Tuesday, November 05, 2002

California: Weather-Free Zone

W. H. Auden, native of a mild and rainy island, once said that North America’s climate — too hot, too cold, too rainy, too dry — is so extreme that it clearly isn’t intended for human life. And California? Too temperate.

I don’t necessarily agree with his other observations, but I sometimes agree that California is too temperate. Many of my Eastern friends think I’m boasting of the perfect weather here. I don’t think so. The fact is, I have always loved weather, and here there isn’t any. Just a pleasant vacuity where weather ought to be, the meteorological equivalent of Muzak.

I miss the change of seasons. Spring doesn’t mean much when roses bloom in January. Winter is a joke when snow is a once-in-a-century miracle. Some trees are showing fall colors, but their radiance is lost in the general dazzle. And what is summer without a thunderstorm?

I swear that one reason Californians have earned their reputation for goofy good nature (what I used to call “being laid back to the point of imbecility”) is that they can count on months and months of sunshine. It’s true that dark weather encourages emotional gloom. I am not suggesting that we all become Scandinavians, with that culture’s bipolar oscillation between wintry Kierkegaardian despair and frenetic summertime exuberance. I would just like a taste sometimes of the kind of weather that commands attention, that reminds me of risk and danger, that suits another mood than perky cheer. Weather with an edge, weather with some passion.

I miss the slow buildup to a thunderstorm, the rising wind, blackening sky, the first shattering strokes of lightning, the onslaughts of rain, the sound and spectacle of great forces clashing, the still freshness afterward. I miss the occasional pensive grey day, what my mother always calls a good day to stay inside and sew. I miss variety. I miss appreciating the rare perfect days as the gift they are. I do try to keep enjoying the soft perfection of California weather, but people look at me as though I’m a lunatic when I say, “What a beautiful day.” Every day is equally beautiful here, thus equally bland and humdrum.

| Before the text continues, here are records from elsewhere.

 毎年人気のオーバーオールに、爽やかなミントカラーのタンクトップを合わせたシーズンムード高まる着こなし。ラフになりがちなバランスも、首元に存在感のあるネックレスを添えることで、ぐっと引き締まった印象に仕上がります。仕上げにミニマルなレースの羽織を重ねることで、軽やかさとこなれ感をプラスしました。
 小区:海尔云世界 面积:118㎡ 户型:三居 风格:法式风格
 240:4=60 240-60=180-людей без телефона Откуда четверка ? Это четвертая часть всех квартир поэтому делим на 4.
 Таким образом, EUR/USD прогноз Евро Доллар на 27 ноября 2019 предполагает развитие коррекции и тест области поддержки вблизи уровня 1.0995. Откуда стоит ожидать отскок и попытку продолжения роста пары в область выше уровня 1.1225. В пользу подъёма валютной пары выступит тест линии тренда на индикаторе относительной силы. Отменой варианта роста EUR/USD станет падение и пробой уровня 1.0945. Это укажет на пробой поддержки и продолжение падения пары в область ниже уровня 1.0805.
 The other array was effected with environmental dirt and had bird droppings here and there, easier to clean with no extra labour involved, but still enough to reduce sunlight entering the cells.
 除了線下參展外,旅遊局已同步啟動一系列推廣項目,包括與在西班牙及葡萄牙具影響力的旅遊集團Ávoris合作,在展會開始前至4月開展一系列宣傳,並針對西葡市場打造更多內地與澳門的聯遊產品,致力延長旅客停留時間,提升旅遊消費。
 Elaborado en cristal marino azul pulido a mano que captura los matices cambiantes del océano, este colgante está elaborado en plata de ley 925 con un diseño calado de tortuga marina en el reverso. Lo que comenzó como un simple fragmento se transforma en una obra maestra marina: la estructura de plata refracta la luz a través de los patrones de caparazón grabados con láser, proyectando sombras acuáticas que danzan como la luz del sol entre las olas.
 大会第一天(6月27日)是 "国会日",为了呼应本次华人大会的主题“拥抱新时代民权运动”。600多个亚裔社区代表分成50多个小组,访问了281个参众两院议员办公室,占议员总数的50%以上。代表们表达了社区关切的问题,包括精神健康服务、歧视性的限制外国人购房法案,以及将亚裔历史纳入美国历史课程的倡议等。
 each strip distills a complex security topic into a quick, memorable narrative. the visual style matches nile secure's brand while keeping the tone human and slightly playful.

All this is in response to a completely outrageous headline in today’s San Jose Mercury News: “First storm in six months is expected Wednesday.”

The article continues that the storm “will end a long dry spell going back to May 21, when 0.10 inches of rain dropped into the San Jose Civic Center's rain gauge.”

I knew the weather was good when I moved here. But still. That’s outrageous.